Christmas is dismissed by some Christians as a pagan invention. It began as an ancient celebration of the solstice. The story tells us that when the early Christian missionaries to Europe found it impossible to banish the practice, they decided instead to co-opt it.

Uncertain of when their Messiah had been born, they decided nonetheless to mark his birth on this occasion, thereby Christianising the occasion.

To bring the people to God, they decided they had to bring God to the people. The symbolism seemed appropriate, after all. The solstice marked the turn of shortest day of the year. The sun, upon which all life depended, was about to begin its return. Spring would approach, and rebirth would take place. For a people who had no assurance the sun would not one day decide not to come back, its return was itself a gift.

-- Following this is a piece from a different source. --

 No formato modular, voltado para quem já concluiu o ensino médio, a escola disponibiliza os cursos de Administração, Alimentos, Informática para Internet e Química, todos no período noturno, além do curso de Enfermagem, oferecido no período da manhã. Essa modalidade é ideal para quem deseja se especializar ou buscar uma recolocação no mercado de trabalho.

The early Christians called that light the light of Christ. His birth was the light in their darkness, the promise of new life, of new birth. Perhaps their adoption of the solstice celebration as a Christian occasion was a cynical ploy to bring people to their god through the back door. But perhaps it spoke to a deep-seated human desire to continue to look for light in the darkest of nights. Maybe that is a fitting memory to keep in mind as we approach 2002.

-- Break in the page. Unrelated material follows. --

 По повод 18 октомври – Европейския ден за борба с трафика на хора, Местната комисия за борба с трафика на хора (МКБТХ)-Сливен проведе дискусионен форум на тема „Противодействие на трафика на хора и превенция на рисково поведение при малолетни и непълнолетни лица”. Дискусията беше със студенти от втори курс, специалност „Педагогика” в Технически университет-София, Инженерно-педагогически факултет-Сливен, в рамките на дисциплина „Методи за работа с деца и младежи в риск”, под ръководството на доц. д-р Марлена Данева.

Christmas may have been converted into a crass and materialistic celebration. And in Kingston, no doubt, gunmen will sit in the front rows of churches and some gifts will be bought with stolen, embezzled or drug money. But if the proverbial merchants and money-lenders have always had a knack of converting the religious celebrations to their ends, perhaps there is nothing wrong with the purveyors of hope beating them at their own game.

Let them take these secular or pagan occasions, and use them to win converts to their message. And if their message is one of hope and a promise of a better tomorrow, it is one I am still willing to listen to. This Christmas will pass in the midst of a lot of darkness.

A new world war

The world economy is in recession, crime and violence are on the upswing across much of the planet, a new world war has begun, and the prophets of doom are back in business.

Perhaps, though, that is the point. The Christmas story tells us that the Messiah was born in something akin to what would today be a refugee camp or ghetto. Precisely because the night is so long, we look forward to the sun. For whatever it is worth, the story is one worth re-telling at such a time. Even if it is just a tale which speaks to our innermost desires, those desires, those hopes, are worth clinging to. To all of you, a merry and blessed Christmas.

John Rapley is a Senior Lecturer in the Department of Government, UWI, Mona.